Saturday, April 28, 2012

Remittance corridors


New rivers of gold

Remittances from unlikely places are helping poor countries in the downturn

IN TAPACHULA, a furnace of a city in southern Mexico, people line up inside an air-conditioned branch of Banco Azteca to process their remittances. Last year Mexicans received an estimated $24 billion from friends and family working abroad, mainly in the United States, with which Mexico forms the world's busiest remittance corridor (see map). But a closer look at the Tapachulan queue shows how the remittance business is changing. Many are not Mexicans receiving cash from America, but migrant workers sending it back home to Guatemala or Honduras. “Very similar to what happens at the other border,” observes Jorge Luis Valdivieso, the bank's regional administrator, referring to Mexico's better-known northern frontier.
The value of remittances to poor countries is enormous.
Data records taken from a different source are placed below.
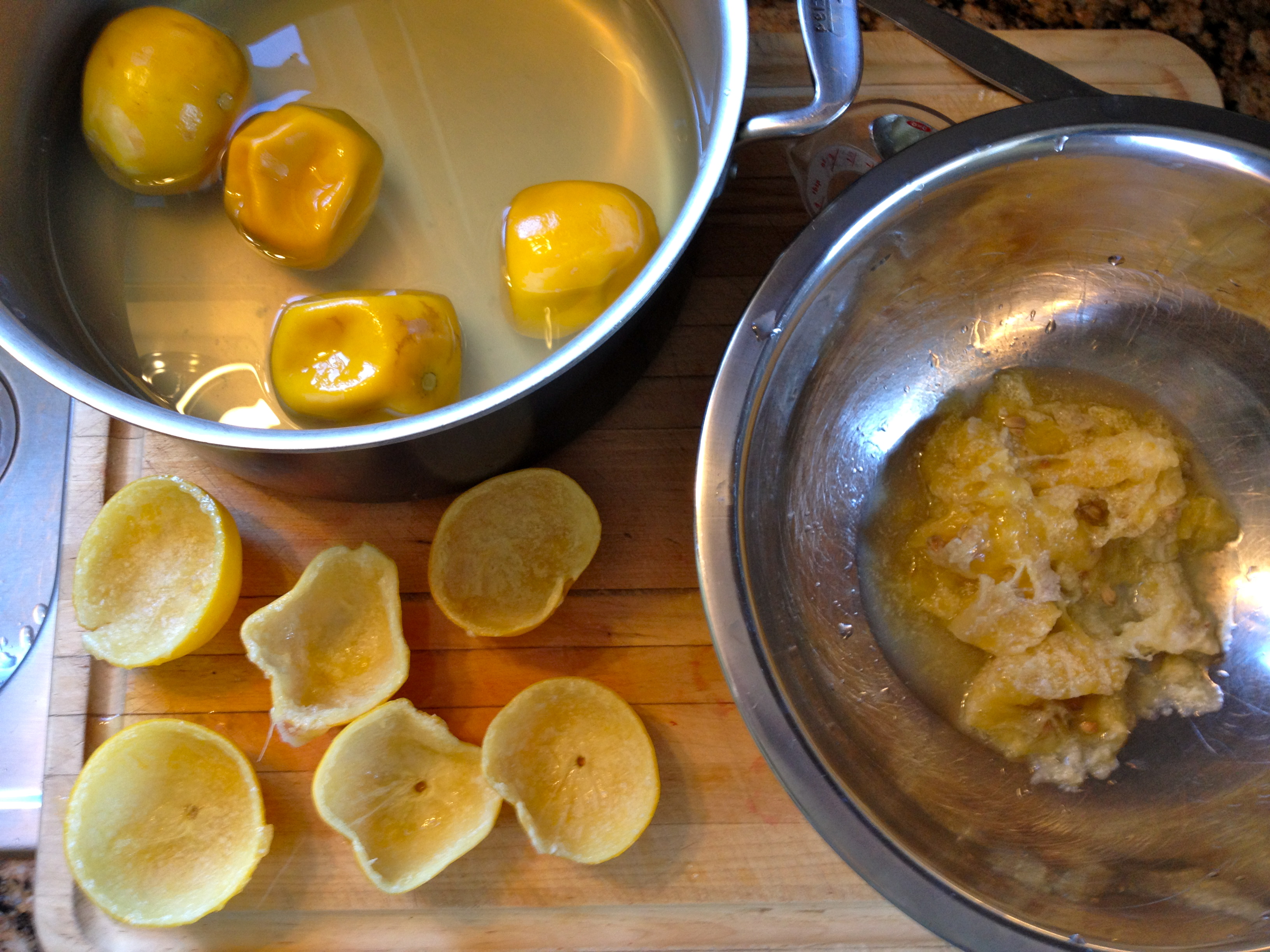 The sauce pot should have the lemon rinds, reserved lemon water from boiling 1 1/4 cups and all the pulp you could muscle through your chinois. Stir in 5 1/2 cups of sugar (if using meyer lemons do 5 cups of sugar) over a high heat, when the mixture begins to simmer, set your heat for a low simmer and cook for 1-2 hours, the mixture will darken as it cooks. Starting out like this
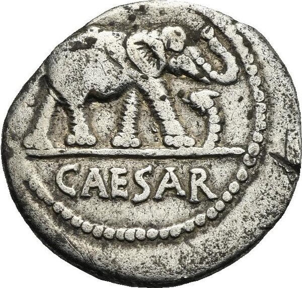 Roman Republic. C. Julius Caesar. Denarius (Silver, 18.59 mm, 3.62 g). Military mint moving with Caesar. 49-48 BC. CAESAR, Elephant walking right, trampling on horned serpent. Rev. Priestly implements: culullus, aspergillum, axe with wolf's head at the top, and apex. Crawford 443/1. Sydenham 1006. Babelon (Julia) 9. BMCRR Gaul 27. Lightly toned. Banker's mark on reverse. Very Fine.
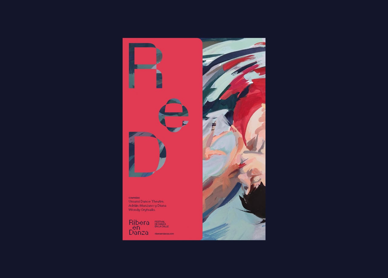 El sistema de carteles estaba basado en una pintura original hecha exclusivamente para el ciclo que encargamos a la artista emergente Irene Carmona Navarro. Esta pintura tenía que reflejar la conexión entre el agua y la danza en un modo poético.
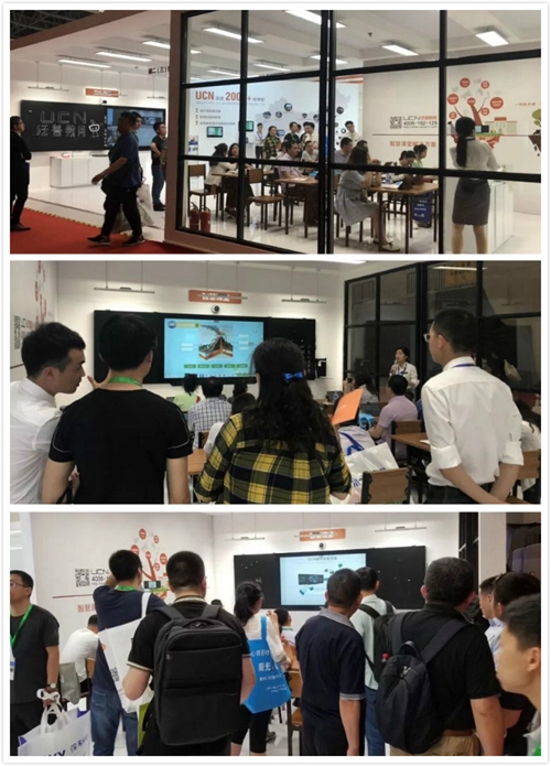 說到做到!2019系列多樣化的功能立刻吸引了不少小學生在這款“神奇黑板”上揮毫潑墨,畫的還有模有樣,為UCN的展臺增加了又一道風景。

Since 1996 they have been worth more than all overseas-development aid, and for most of the past decade more than private debt and portfolio equity inflows. In 2011 remittances to poor countries totalled $372 billion, according to the World Bank (total remittances, including to the rich world, came to $501 billion). That is not far off the total amount of foreign direct investment that flowed to poor countries. Given that cash is ferried home stuffed into socks as well as by wire transfer, the real total could be 50% higher.